Safe to speak up?

How easy is it to speak up in your organisation?

One of the common issues I come across with organisations is a lack of communication, silo working or self-protection. People don’t feel able to speak up.

Usually this shows up in the following ways:

  1. There is a lack of information flowing backwards and forwards, which means that poor decisions are made (eg. I didn’t know you needed it by 1st March)
  2. The quality of the information is not nuanced when it comes and doesn’t necessarily answer the unspoken questions. (eg. What do you mean the new design doesn’t fit the machines?)
  3. We only hear about the easy things to fix (see how good I am) or the really big problems (Help!)
  4. We avoid difficult conversations, challenging people or performance or systems (I’ll leave that for someone else to deal with)
  5. Blame becomes common, people talk behind each others’ backs and silos appear (eg it’s all sales’ fault)

The sense is that people aren’t talking freely, openly and honestly. They question is, why not? People often don’t speak up because they fear reprisal and they are unwilling to take the interpersonal risk.

I remember a boss of mine many years back, who hated to be questioned. If you disagreed with him then you would be in his bad books and picked on, shouted at and have your work pulled apart for the next couple of weeks (until someone else gained his attention).

Did many of us come up with new ideas or challenge his way of doing things? No, not often. We didn’t feel psychologically safe to.

Now this is all very well when dealing with administrative detail. Annoying, but not life threatening. But consider the example of a nurse in an operating theatre questioning the medication requested by the surgeon. The first time she did it, he shouted at her and made her feel small, stupid. Did she raise her concerns a second time?? No. The outcome was not great.

Psychological Safety

This has become known as a lack of psychological safety, created by a lack of trust, a sense that people don’t really care about you or what you have to say.

‘Psychological safety is a belief that one will not be punished or humiliated for speaking up with ideas, questions, concerns or mistakes.’ Amy Edmondson

When there is low psychological safety, speaking up is a threat, so we clam up. Low psychological safety leads to less information being shared, poor performance, increased risk, decreased quality, increased fear, fewer ideas, reporting driven underground. Suddenly your site safety and productivity is at risk.

This often happens accidentally. We don’t mean to come to work to not care, or make things worse, but often accidentally that is what happens. Have you ever heard this response to an idea being put forward?

‘Yes of course, we tried that two years ago. Can you come up with anything better?’

This response may accidentally humiliate someone for their idea. If they have been nervous about putting an idea forward, getting this response may mean they never do it again.

Low psychological safety in an organisation indicates low trust; trust between individuals, teams and with the organisation as a whole. We essentially don’t believe that the organisation has our best interests at heart. If we have low trust between people, it means the relationships are poor. We are not demonstrating our care and value for the other.

How do you improve Psychological Safety?

This is why our Speak Up? learning programme to improve psychological safety focus on demonstrating care, improving relationships and ultimately building trust.

By demonstrating care, developing relationships and deepening interpersonal connections we will build trust, improve psychological safety, and thus improve the flow of information.

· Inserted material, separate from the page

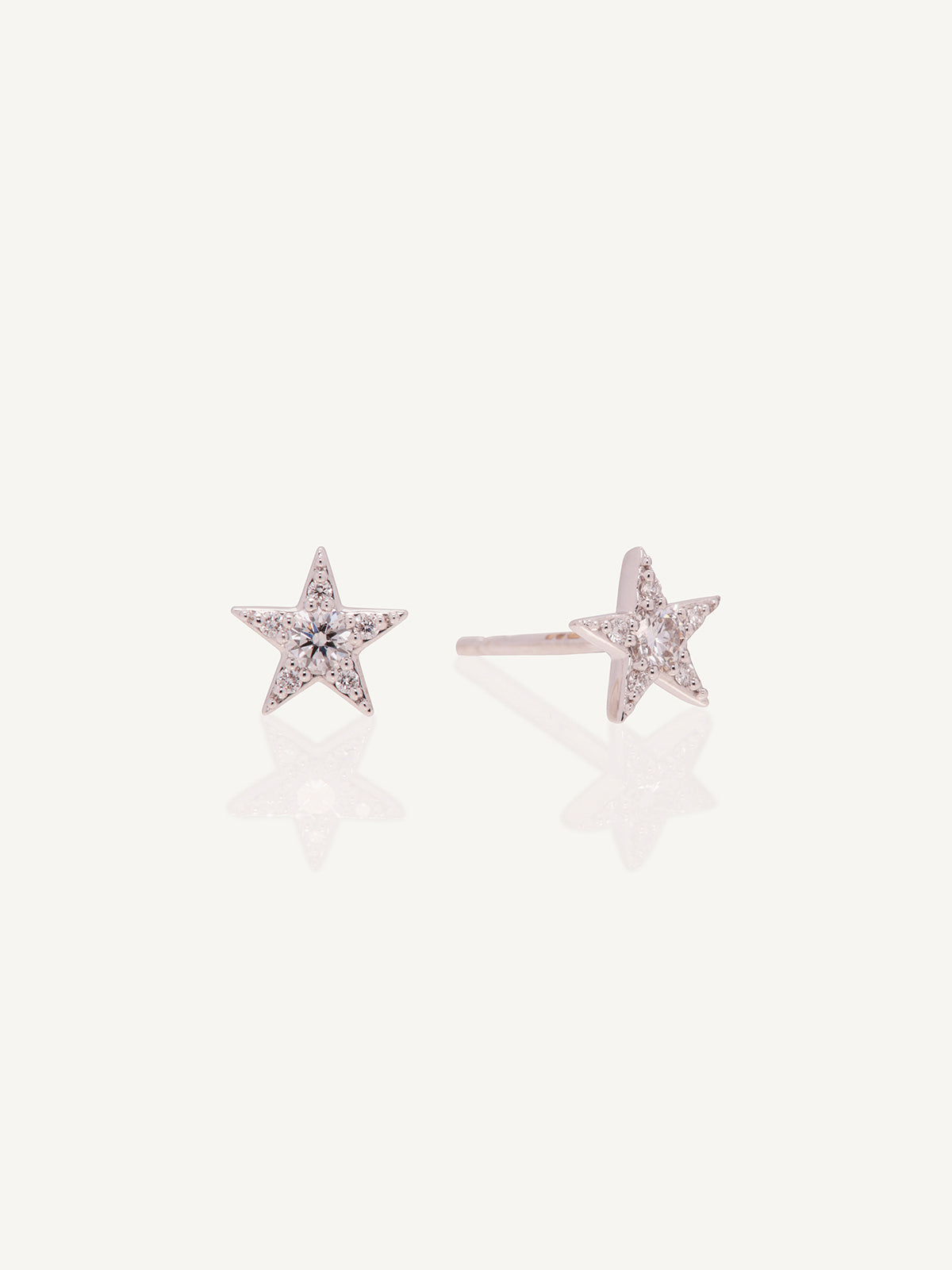 These 18ct white gold star studs feature a classic five-point silhouette and claw set diamond design.
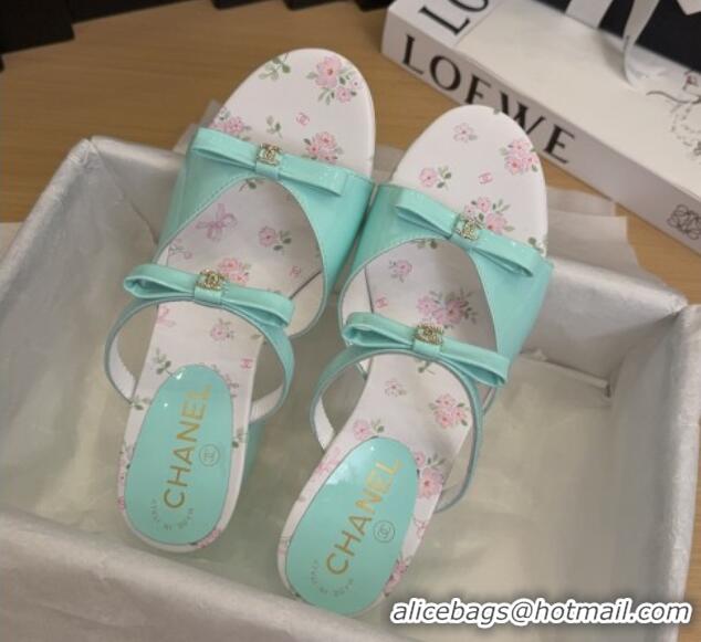 Luxury Cheap Chanel Patent Calfskin Heel Slides Sandal with Bow Light Green 2025 CH041604

  1. Instead of transactional information, we begin to hear the nuance, the personal, the pressures and the influence. We begin to really know one another and what makes us tick.
  2. We start to hear about all the issues that are arising, not just the success stories or the major issues. This means our strategic awareness and planning improves.
  3. We’ll talk about the tricky stuff regularly, challenging and airing concerns to find innovative solutions together
  4. We start to assume positive intent, building on what is good and focusing on strengths.

Now that is a place I would like to work. How about you?